__Action item__
Could you copy exactly the lines below from the one with "Mug à paillettes" to the one with "Paket Hemat 5", inclusive, leaving out any pictures?

__Material for this task__
--- START ---
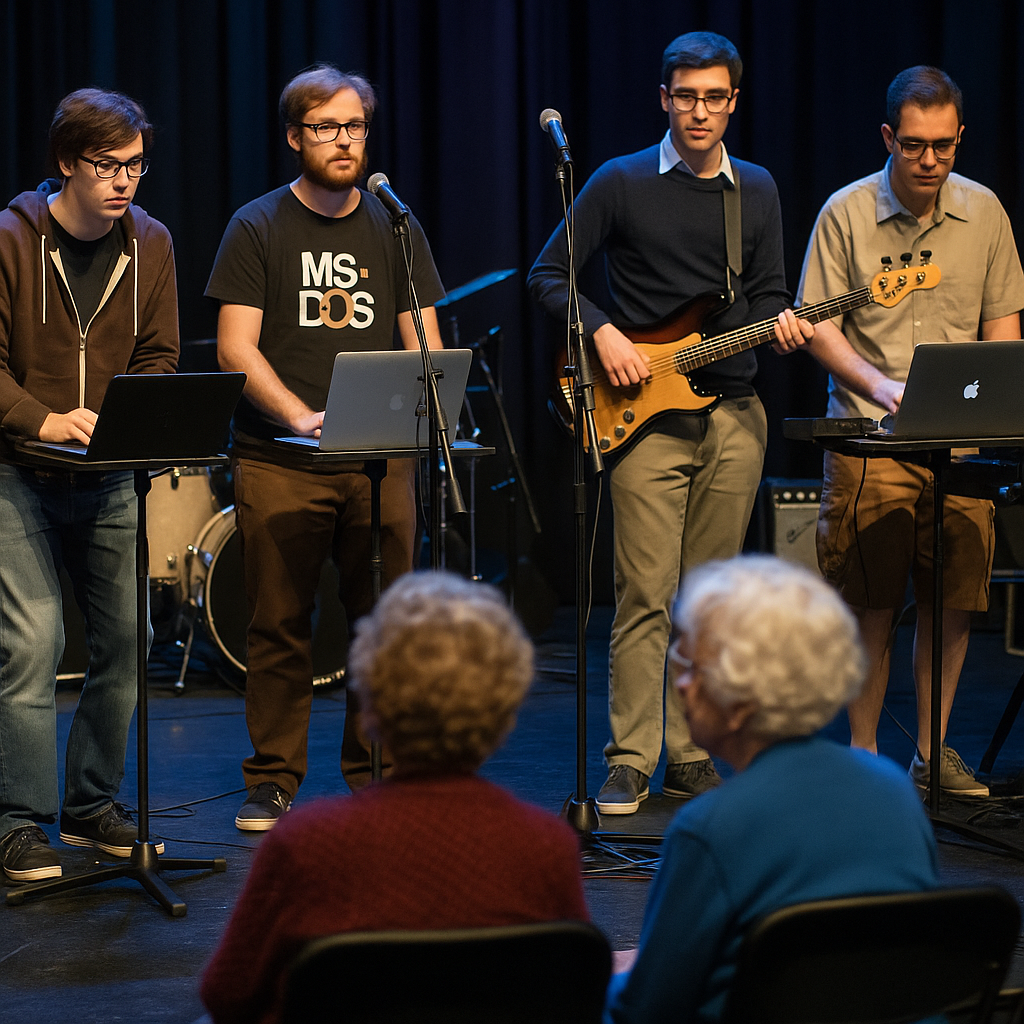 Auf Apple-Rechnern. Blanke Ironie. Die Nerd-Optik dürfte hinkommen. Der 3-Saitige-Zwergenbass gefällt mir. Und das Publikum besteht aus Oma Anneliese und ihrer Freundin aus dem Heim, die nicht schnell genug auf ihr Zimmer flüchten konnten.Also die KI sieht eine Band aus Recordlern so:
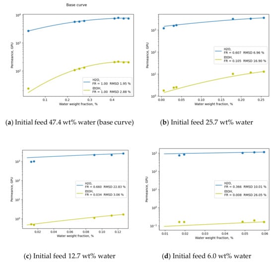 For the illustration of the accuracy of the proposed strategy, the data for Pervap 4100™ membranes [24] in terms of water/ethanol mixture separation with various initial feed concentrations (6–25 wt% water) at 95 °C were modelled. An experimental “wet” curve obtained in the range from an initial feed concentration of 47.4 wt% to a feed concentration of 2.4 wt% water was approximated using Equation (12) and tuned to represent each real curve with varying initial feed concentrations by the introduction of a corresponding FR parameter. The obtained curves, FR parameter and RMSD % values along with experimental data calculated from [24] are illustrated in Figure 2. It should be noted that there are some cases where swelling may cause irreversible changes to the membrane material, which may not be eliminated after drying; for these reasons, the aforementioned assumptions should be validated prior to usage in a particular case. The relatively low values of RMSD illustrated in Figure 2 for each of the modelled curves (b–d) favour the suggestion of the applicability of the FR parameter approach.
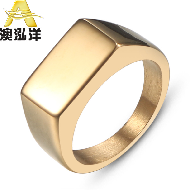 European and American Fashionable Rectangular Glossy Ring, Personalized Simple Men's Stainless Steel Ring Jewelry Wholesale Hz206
--- END ---
--- START ---
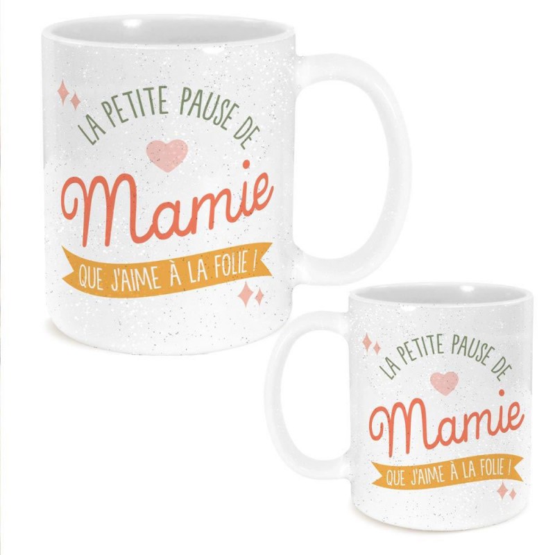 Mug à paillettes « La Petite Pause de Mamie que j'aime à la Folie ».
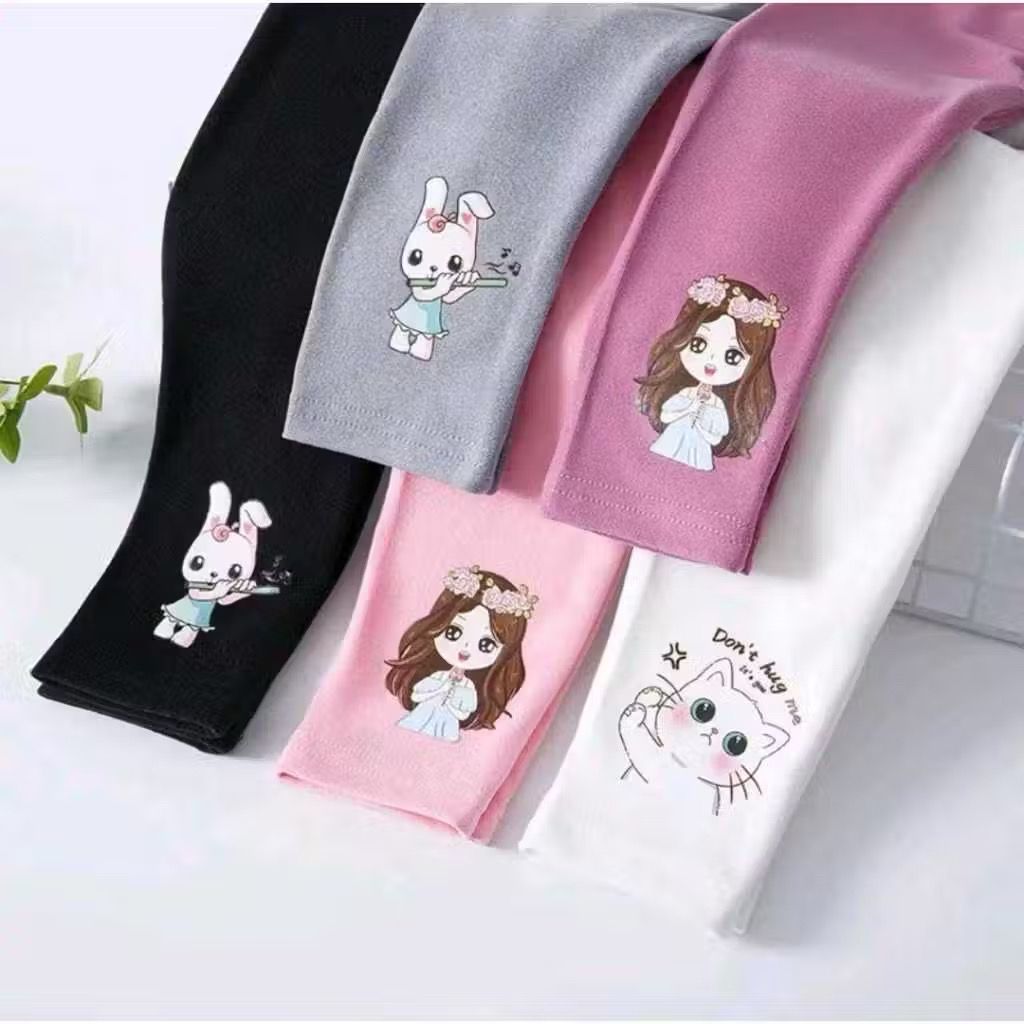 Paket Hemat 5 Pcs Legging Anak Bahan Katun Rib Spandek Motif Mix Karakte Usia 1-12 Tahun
--- END ---
__Written solution__
 Mug à paillettes « La Petite Pause de Mamie que j'aime à la Folie ».
 Paket Hemat 5 Pcs Legging Anak Bahan Katun Rib Spandek Motif Mix Karakte Usia 1-12 Tahun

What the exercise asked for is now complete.